====== SOURCE DATA

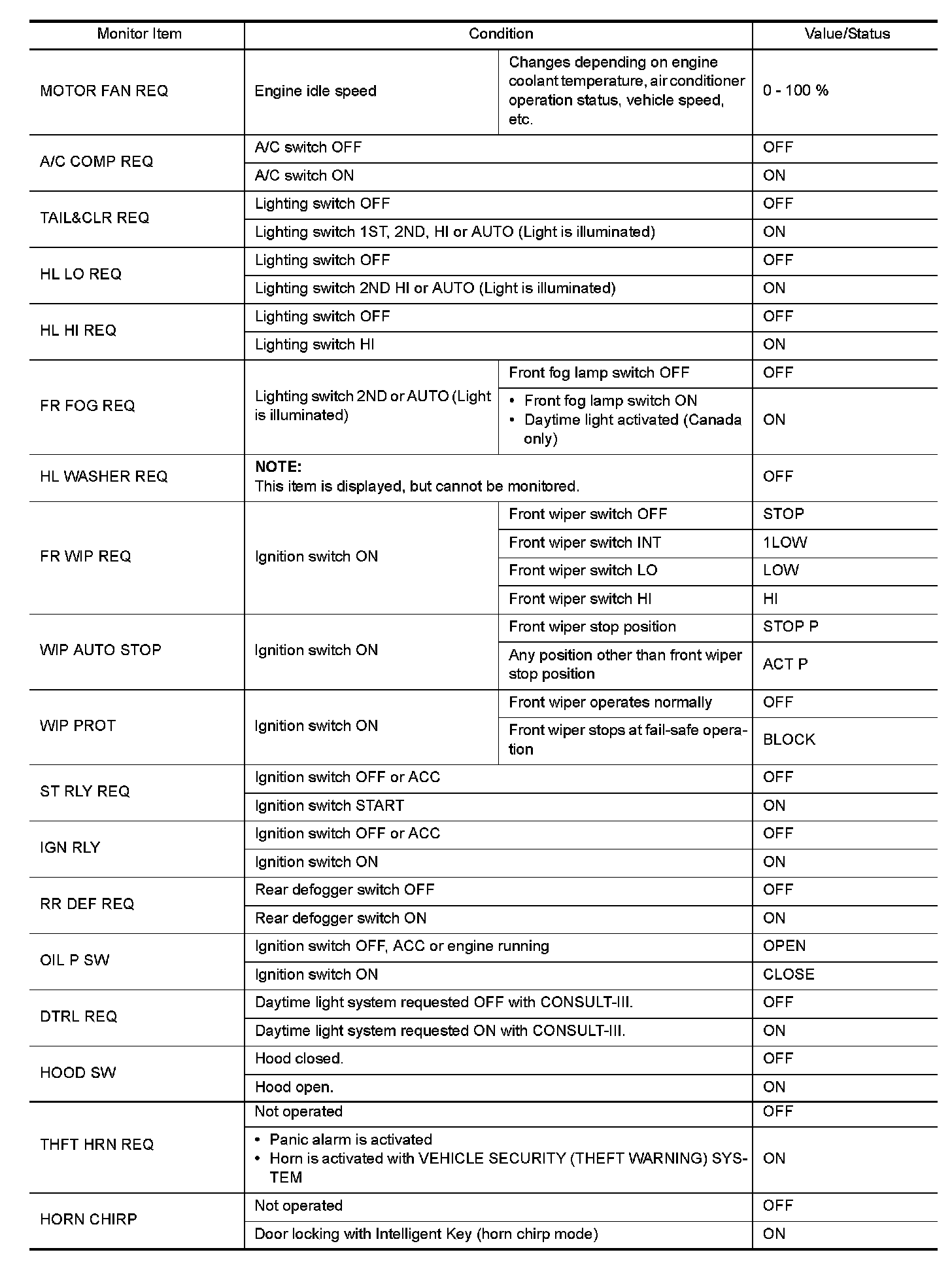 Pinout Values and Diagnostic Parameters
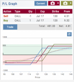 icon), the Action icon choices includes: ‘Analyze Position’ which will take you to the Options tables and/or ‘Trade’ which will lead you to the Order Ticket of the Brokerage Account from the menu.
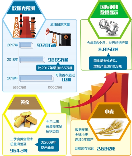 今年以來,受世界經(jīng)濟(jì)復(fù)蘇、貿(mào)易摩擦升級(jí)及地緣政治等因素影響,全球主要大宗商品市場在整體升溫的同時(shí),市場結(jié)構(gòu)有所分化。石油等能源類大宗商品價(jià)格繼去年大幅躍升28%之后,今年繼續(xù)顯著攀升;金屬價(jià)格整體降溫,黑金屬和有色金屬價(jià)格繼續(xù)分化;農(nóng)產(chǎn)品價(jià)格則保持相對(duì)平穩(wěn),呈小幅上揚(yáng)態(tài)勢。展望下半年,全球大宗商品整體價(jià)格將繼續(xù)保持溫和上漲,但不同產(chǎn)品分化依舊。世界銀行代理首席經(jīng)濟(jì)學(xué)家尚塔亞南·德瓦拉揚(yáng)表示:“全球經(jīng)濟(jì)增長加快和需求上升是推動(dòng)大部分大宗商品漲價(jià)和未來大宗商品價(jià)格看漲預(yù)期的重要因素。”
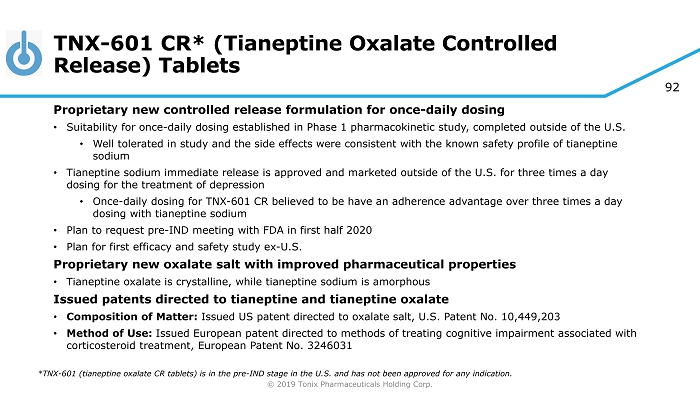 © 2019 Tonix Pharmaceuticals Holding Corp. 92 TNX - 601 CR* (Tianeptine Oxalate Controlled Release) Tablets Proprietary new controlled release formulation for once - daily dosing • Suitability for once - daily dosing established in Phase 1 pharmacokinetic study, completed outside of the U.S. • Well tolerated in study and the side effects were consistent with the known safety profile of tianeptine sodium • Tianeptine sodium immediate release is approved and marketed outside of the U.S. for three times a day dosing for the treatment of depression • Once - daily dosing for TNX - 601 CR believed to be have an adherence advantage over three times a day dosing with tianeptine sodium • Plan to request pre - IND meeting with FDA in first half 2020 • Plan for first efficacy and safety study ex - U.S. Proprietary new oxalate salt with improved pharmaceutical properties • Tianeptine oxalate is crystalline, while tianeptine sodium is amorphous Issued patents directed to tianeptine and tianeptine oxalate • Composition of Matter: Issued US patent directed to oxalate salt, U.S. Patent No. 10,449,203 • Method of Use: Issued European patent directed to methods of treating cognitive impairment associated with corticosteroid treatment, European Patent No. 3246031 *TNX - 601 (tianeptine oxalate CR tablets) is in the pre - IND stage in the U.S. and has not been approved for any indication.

============
====== SOURCE DATA

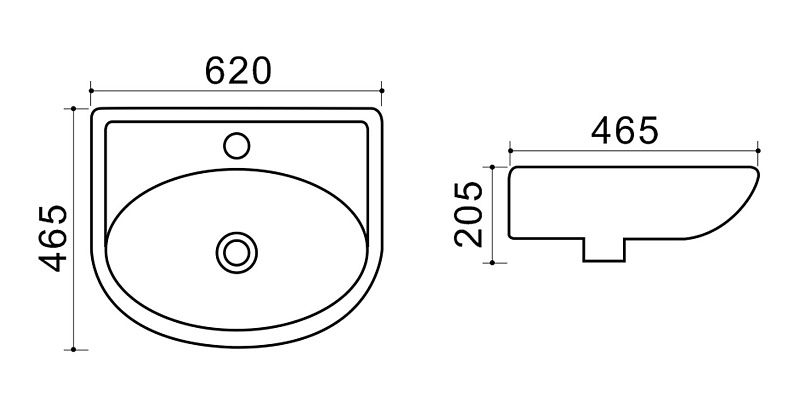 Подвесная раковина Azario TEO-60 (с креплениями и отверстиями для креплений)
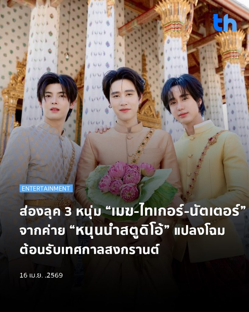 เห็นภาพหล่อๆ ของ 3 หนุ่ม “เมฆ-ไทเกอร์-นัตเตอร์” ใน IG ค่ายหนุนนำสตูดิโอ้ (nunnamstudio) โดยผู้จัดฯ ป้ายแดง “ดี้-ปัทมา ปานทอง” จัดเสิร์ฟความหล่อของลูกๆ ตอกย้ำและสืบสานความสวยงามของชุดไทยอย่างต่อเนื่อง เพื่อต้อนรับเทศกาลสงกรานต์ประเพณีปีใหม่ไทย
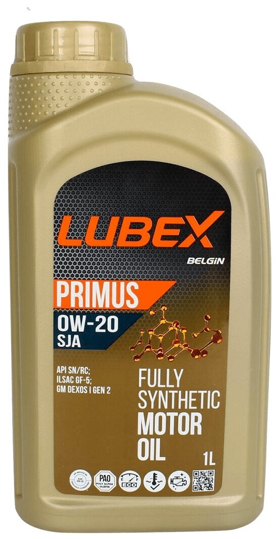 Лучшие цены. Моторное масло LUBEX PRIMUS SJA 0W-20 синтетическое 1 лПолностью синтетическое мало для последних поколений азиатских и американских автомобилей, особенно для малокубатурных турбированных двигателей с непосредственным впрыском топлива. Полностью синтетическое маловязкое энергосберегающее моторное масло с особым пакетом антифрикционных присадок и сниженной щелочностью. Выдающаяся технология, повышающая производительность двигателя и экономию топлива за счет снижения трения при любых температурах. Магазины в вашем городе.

============

All pictures are to be skipped. Output, word for word, the lines in the data above starting at the line containing "เห็นภาพหล่อๆ ของ 3" and ending at the line containing "Лучшие цены. Моторное".

 เห็นภาพหล่อๆ ของ 3 หนุ่ม “เมฆ-ไทเกอร์-นัตเตอร์” ใน IG ค่ายหนุนนำสตูดิโอ้ (nunnamstudio) โดยผู้จัดฯ ป้ายแดง “ดี้-ปัทมา ปานทอง” จัดเสิร์ฟความหล่อของลูกๆ ตอกย้ำและสืบสานความสวยงามของชุดไทยอย่างต่อเนื่อง เพื่อต้อนรับเทศกาลสงกรานต์ประเพณีปีใหม่ไทย
 Лучшие цены. Моторное масло LUBEX PRIMUS SJA 0W-20 синтетическое 1 лПолностью синтетическое мало для последних поколений азиатских и американских автомобилей, особенно для малокубатурных турбированных двигателей с непосредственным впрыском топлива. Полностью синтетическое маловязкое энергосберегающее моторное масло с особым пакетом антифрикционных присадок и сниженной щелочностью. Выдающаяся технология, повышающая производительность двигателя и экономию топлива за счет снижения трения при любых температурах. Магазины в вашем городе.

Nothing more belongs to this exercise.